Records drawn from a dataset:

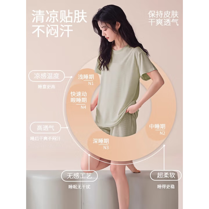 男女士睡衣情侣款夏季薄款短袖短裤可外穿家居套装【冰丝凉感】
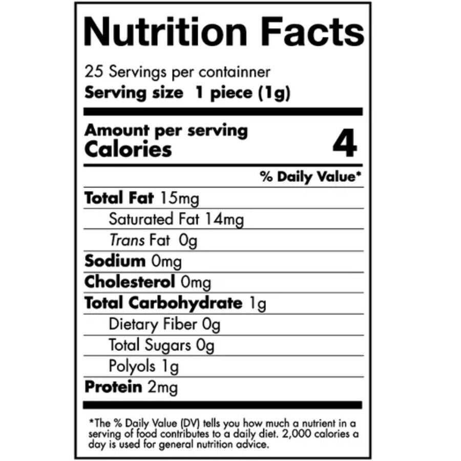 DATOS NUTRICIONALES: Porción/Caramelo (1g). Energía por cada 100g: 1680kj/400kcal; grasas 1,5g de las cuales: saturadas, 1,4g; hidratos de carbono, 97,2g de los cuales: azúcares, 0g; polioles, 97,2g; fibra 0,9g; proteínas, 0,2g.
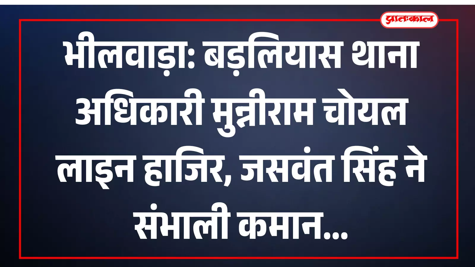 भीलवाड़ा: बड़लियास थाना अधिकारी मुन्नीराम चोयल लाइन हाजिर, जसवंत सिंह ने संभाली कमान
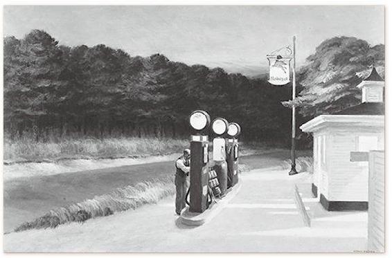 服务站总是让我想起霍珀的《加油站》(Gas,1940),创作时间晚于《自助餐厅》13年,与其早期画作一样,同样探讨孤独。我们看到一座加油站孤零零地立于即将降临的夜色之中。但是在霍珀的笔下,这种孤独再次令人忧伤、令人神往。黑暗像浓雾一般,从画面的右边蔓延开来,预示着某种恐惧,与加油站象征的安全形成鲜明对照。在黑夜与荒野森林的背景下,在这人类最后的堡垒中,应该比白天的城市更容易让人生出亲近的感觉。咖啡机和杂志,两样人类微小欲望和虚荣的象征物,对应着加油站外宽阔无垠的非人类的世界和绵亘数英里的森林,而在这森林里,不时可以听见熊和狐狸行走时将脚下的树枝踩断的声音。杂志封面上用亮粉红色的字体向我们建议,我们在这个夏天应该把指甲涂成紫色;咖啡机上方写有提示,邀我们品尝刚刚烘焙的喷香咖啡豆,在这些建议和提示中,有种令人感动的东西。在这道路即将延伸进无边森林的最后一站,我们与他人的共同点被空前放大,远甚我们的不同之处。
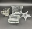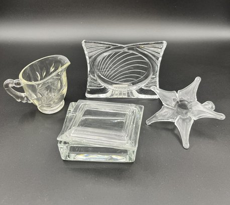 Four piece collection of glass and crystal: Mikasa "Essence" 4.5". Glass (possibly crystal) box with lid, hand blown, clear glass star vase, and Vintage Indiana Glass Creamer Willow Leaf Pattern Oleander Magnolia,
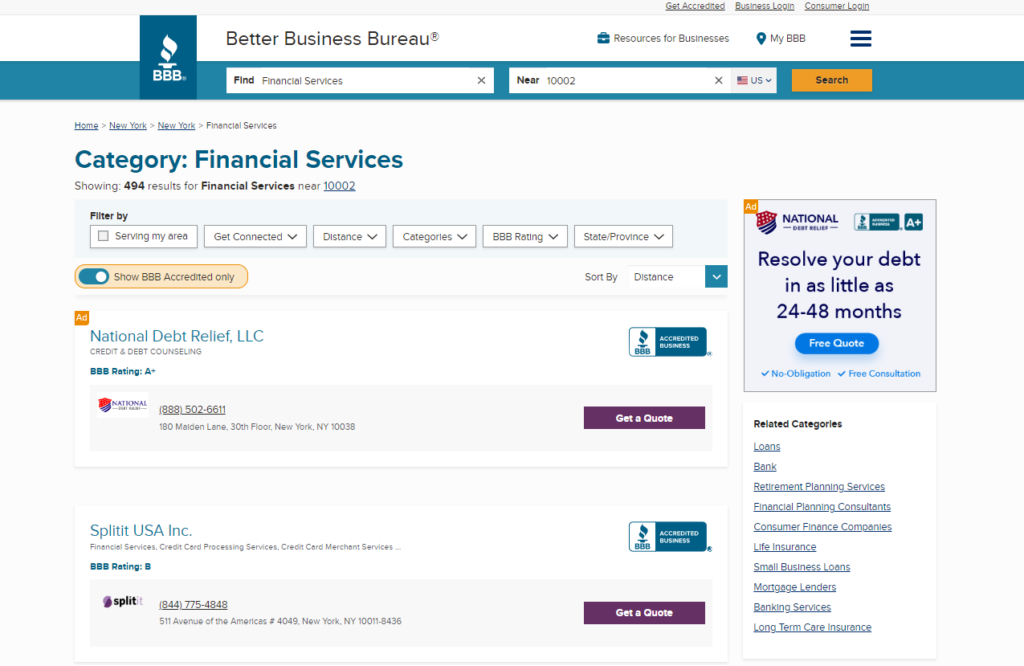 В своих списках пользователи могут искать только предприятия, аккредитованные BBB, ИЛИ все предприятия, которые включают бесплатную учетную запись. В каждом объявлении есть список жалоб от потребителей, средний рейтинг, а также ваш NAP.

__What the exercise asks__. The answer is the lines above from the one with "DATOS NUTRICIONALES: Porción/Caramelo" to the one with "भीलवाड़ा: बड़लियास थाना", set down exactly, with no pictures.

__Exercise solution__.
 DATOS NUTRICIONALES: Porción/Caramelo (1g). Energía por cada 100g: 1680kj/400kcal; grasas 1,5g de las cuales: saturadas, 1,4g; hidratos de carbono, 97,2g de los cuales: azúcares, 0g; polioles, 97,2g; fibra 0,9g; proteínas, 0,2g.
 भीलवाड़ा: बड़लियास थाना अधिकारी मुन्नीराम चोयल लाइन हाजिर, जसवंत सिंह ने संभाली कमान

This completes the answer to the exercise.